For many it would have been an ordinary scene. But as Munira Yamani watched her 7-year-old daughter Ruqaiyah move through their Conroe kitchen, turning on the oven to preheat and pulling out ingredients to bake a cake without any help, she marveled at what her youngest daughter, who had been going blind since she was a baby, could do on her own. “She was baking a cake for her grandma. She didn’t want help, and I could see she didn’t need it. She could see,” Munira recalls. “It was one of the best cakes I’ve ever tasted.”
There was a time when even the easiest tasks—picking Legos up off the floor, walking through a dimly lit room without stumbling—were nearly impossible for Ruqaiyah. When she was just 4 months old, her parents had noticed that her eyes didn’t seem to be focusing properly. After appointments with numerous doctors, a specialist at Baylor College of Medicine diagnosed Ruqaiyah with Leber Congenital Amaurosis, an inherited disease in which a mutation of the gene known as RPE65 causes the shortage of a protein with a key function: translating light into electrical signals that the brain can understand. Without it, patients start to lose their sight in childhood, becoming legally blind by the time they are teenagers.

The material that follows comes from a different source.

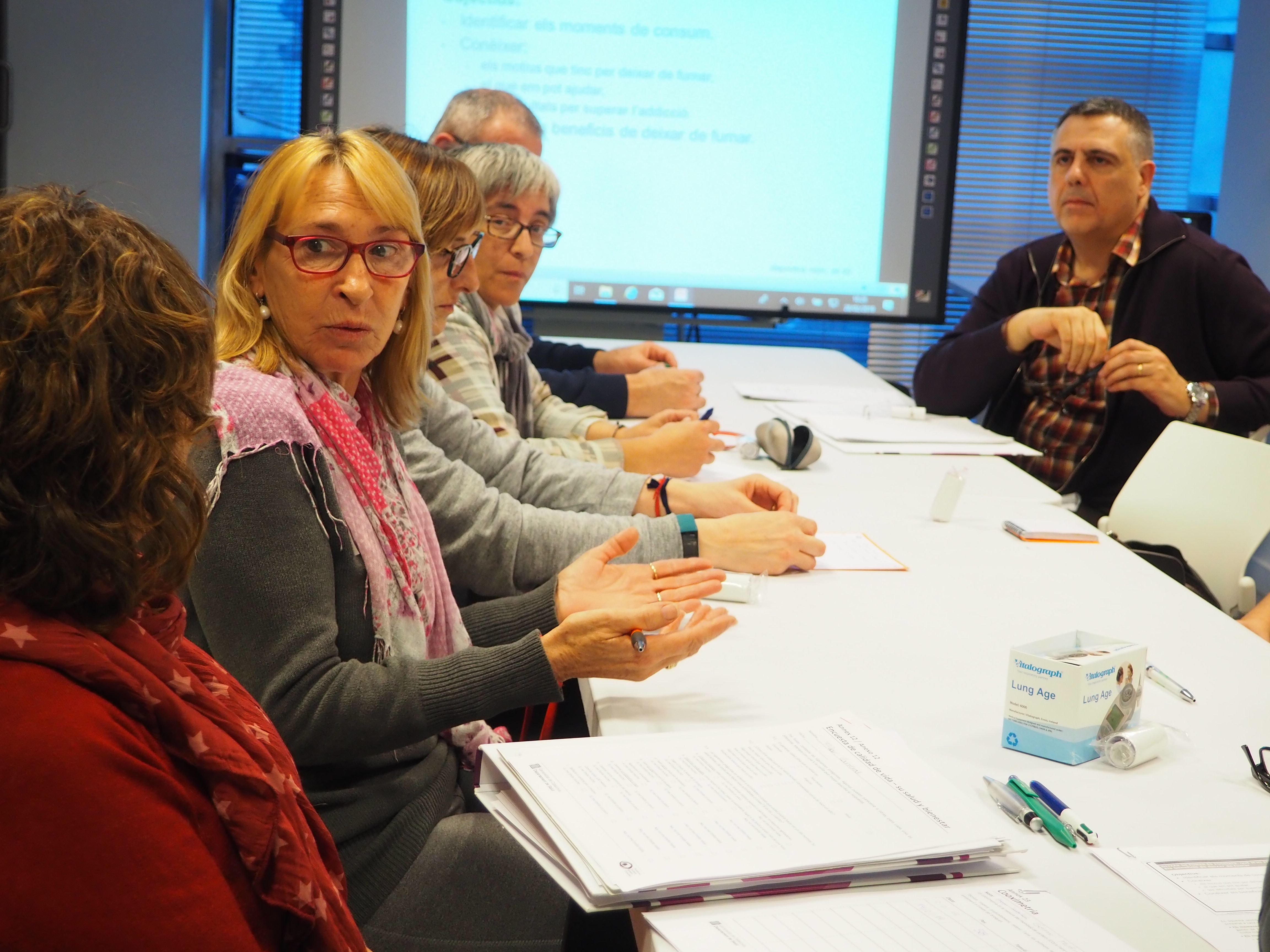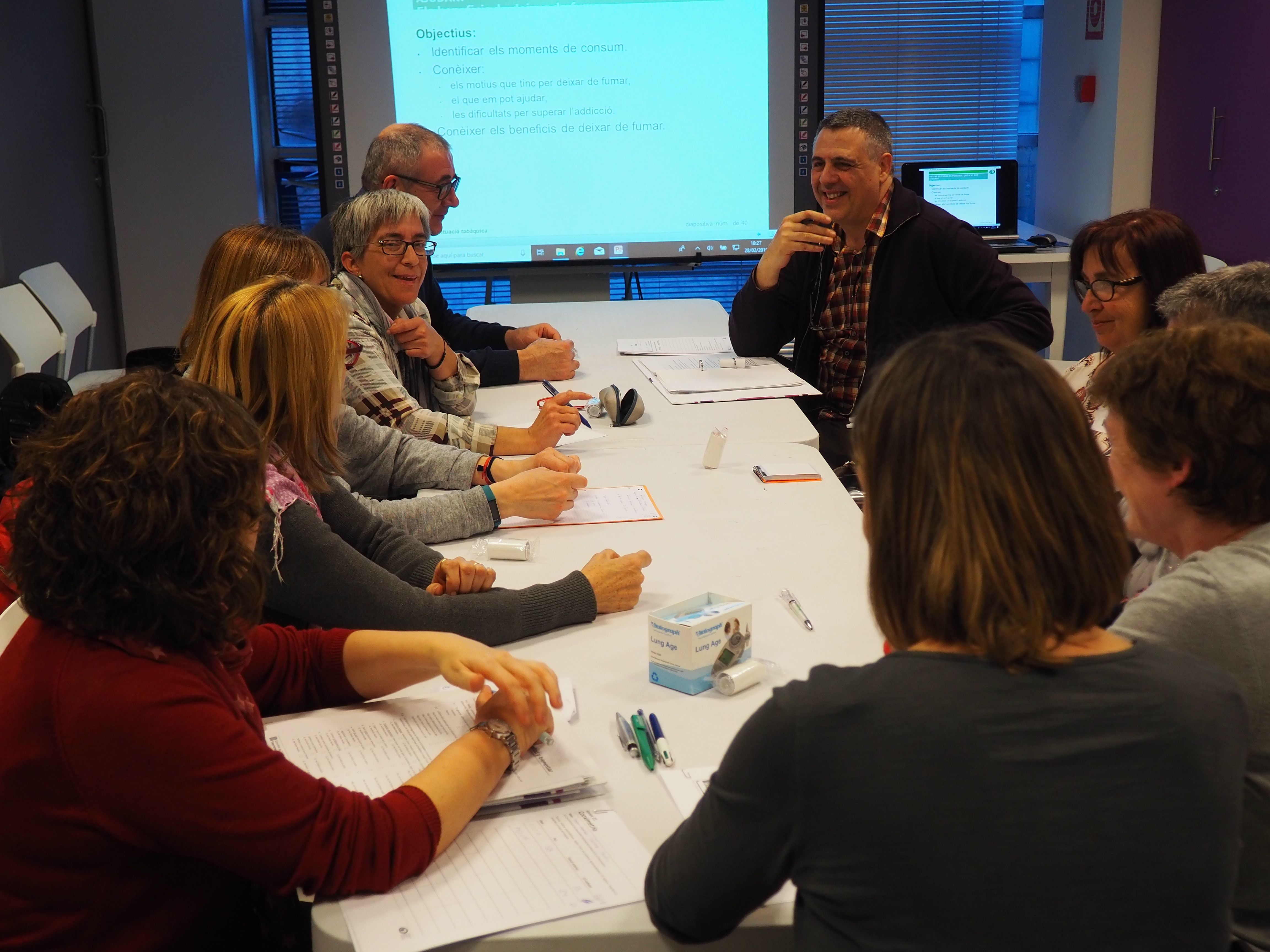 Fotografies del grup de Pacient Expert de deshabituació tabàquica, del CAP d'anglès (La Selva)

In 2012, when Ruqaiyah was less than a year old, she began working with state-provided teachers to develop the skills she would need to live with limited sight. But her parents were already hearing there might be another option. Dr. Timothy Stout, chair of ophthalmology and director of the Cullen Eye Institute at Baylor, just a drive away in the heart of the Texas Medical Center, was performing clinical trials for a possible treatment on patients 3 and older. “We knew if there was something to be done, we would do it,” Ruqaiyah’s father, Hussein Yamani, says.
Since his med student days at Baylor, Stout had been researching ways to use viruses to transport useful information to cells. After becoming an ophthalmologist, he decided to try to combine that research with gene-therapy advances to treat eye diseases like LCA. “There were all of these devastating diseases that cause blindness in little kids, and I thought this would be the perfect place to test out gene therapy,” he says. “I thought that maybe we could put these therapeutic genes into viruses and make kids better.”
Working with a half dozen doctors and researchers across the country, Stout figured out how to insert copies of the RPE65 gene into the Adeno-associated virus—chosen for its small size, excellent carrying capacity, and general harmlessness—with the idea that, in surgery, doctors would remove the vitreous, clear fluid behind the retina and replace it with fluid full of the gene-loaded virus. Clinical trials, launched in 2007, found that while the treatment wasn’t as effective for adults, children with LCA saw vast improvements. And for the youngest patients, the results were staggering.
“Watch this,” Stout says as he pulls up a video on his iPad. A little boy wearing an eye patch tosses a baseball into the air. “We have all kinds of tests to show how the treatment has worked, but there’s nothing compared to a mom with a smartphone. With his untreated eye, he can’t catch the ball. But with his treated eye …” Stout taps the screen, and the video shows the boy, now using his other eye—surgeons operate on one at a time—catching the ball.
In December 2017 the FDA approved Luxturna—an RPE65-loaded fluid manufactured by Spark Therapeutics, based on the work of Stout and his collaborators—making it the first FDA-approved gene therapy treatment in the country. And suddenly children diagnosed with LCA had options.
“When I finished my fellowship on retina surgery in 2016, the main teaching was still that there was really nothing we could do to help patients with these types of conditions,” says Dr. Tahira Scholle, assistant professor of ophthalmology at Baylor, where she’s one of three doctors who perform the procedure. “But once this hit the market that changed, almost overnight. We could do something for them now.”
Since Ruqaiyah had missed the chance to participate in Stout’s clinical trials, turning 3 after they were over, her parents had to wait for FDA approval to go forward. It was last fall that the girl, then 6, finally underwent the surgeries. At the time she was learning to use a cane, and aides would guide her through school every day. But within weeks she required fewer services. “She could go from her class to the library and to the cafeteria without any help at all,” Hussein says. “She didn’t want help, because she’s very independent. You never know what the future holds, but I never thought this would be possible.”
After Ruqaiyah’s surgery, her mother realized she was no longer nervous about her youngest daughter. Munira has even gone back to work, taking a part-time job in digital marketing. “It’s changed our lives, all of our lives. She can take care of herself, dress herself. And when she goes outside I’m not worried anymore, her siblings aren’t as worried, because she can see,” Munira says. “It’s like a miracle. It is a miracle.”